Heads up, Chicago. There’s a new city budget in town, passed in late November with a 45-to-5 vote.
One key aspect of the budget is the Community Development Block Grants, a pot of federal fund from the U.S. Department of Housing and Urban Development for community development programs. The fund is split between city agencies and nonprofit “delegate agencies.”
Chicago had more to work with in the 2014 budget because it received $10 million more in block grants and had a larger carryover of unspent funds.
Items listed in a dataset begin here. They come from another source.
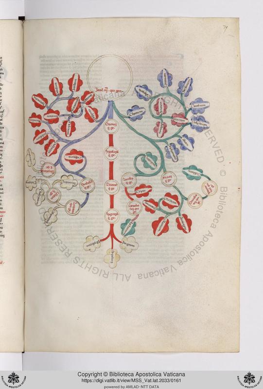 Città del Vaticano, BAV, Vat. lat. 2033, f. 79r. Albero genealogico di Giove.
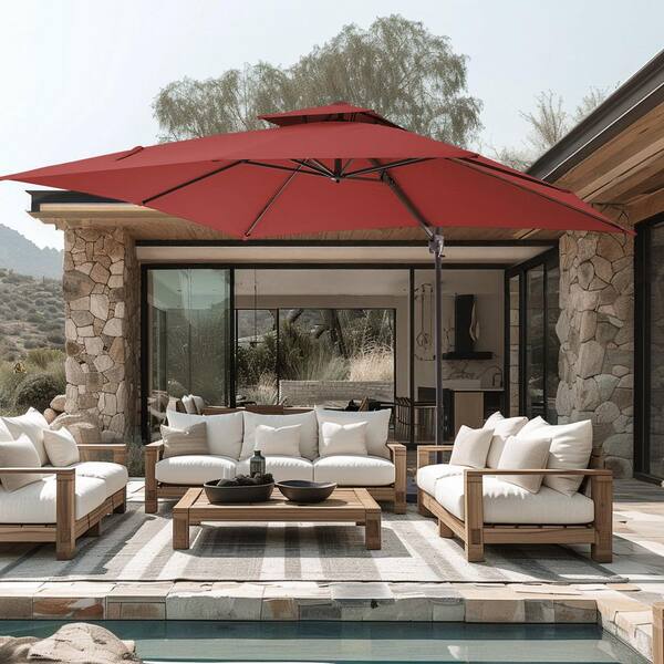 9 ft. x 9 ft. Aluminum Square Cantilever Patio Umbrella with Weighted Base in Red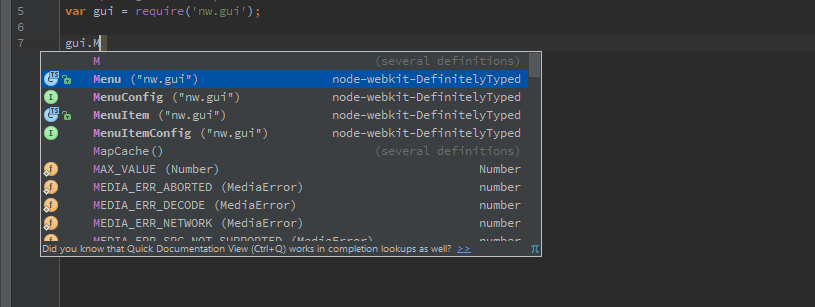 Official libraries更改为Typescript community stubs。node-webkit。这是nw.js的旧名字。据我所知,nw.js没有存根。下载并安装。manage scopes。Library下面目录右侧的空间。确保检查了node-webkit。这样,我就能够解决依赖关系,并为nw.js获得代码完成。虽然它可能很旧,但至少是有意义的。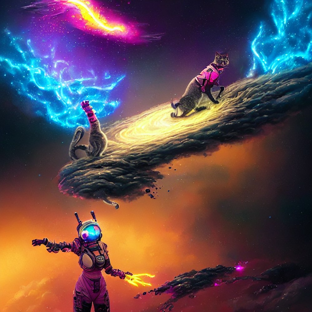 Electronic keyboard in space with Gray cat with Yellow eyes sitting on it and nebula in the background
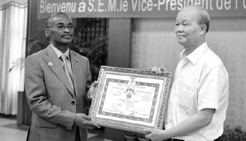 Professer Li Guoqiao receives the Order of the Green Cross of the Comoros from Fouad Mohadji, vice-president of Comoros. [Photo provided to China Daily]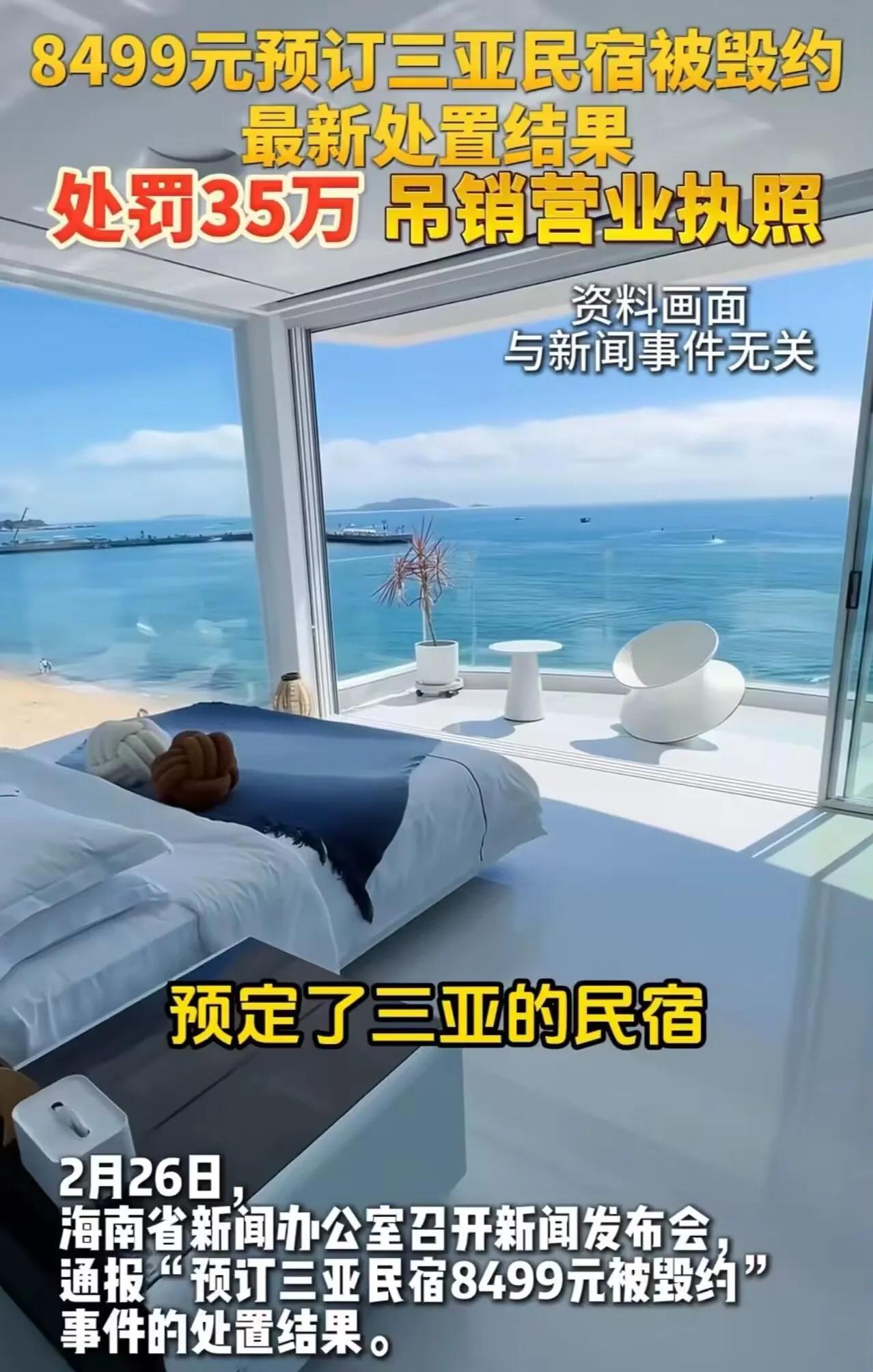 “罚款35万!!!这次海南icon动真格了!”男子花8499元预订三亚民宿,结果

But that hasn’t necessarily meant a windfall for city services that Chicago’s vulnerable communities need most, advocates say.
So who were the winners and losers of the block grants?
An analysis by the Chicago Rehab Network, a nonprofit research and advocacy group, found that the departments with the biggest rise in allocations were: the Chicago Police Department, with a $5 million increase; the Department of Public Health, with a $3 million increase; and the Department of Streets and Sanitation, with a $2.8 million increase.
But especially worrying, the group’s analysis noted, was that the line items for small housing repairs for seniors and technical assistance in housing information and guidance stayed flat.
“You’d think with the intense housing crisis that continues that there would be an increased proportional response from the city,” says Rachel Johnston, director of operations for the Chicago Rehab Network.
The report goes on to call for a significant increase in housing assistance “to repair the instability caused by the economic downturn.” Without this investment, “neighborhoods will not recover due to the decrease in household spending.”
The mayor’s office did not respond to a request for comment on how the allocation of block grants was decided. But the city’s website notes that the decisions on funding are made “based on a number of factors, including but not limited to: previous experience and accomplishments; capacity; collaborations and linkages; proposed goals/outcomes; comprehensive distribution of funds geographically, and; respect to population needs.”
Johnston hopes to see a more serious response to the housing crisis in the future. “Throwing a bucket of water on a whole warehouse that is burning down is not proportional to the response that is needed,” she said.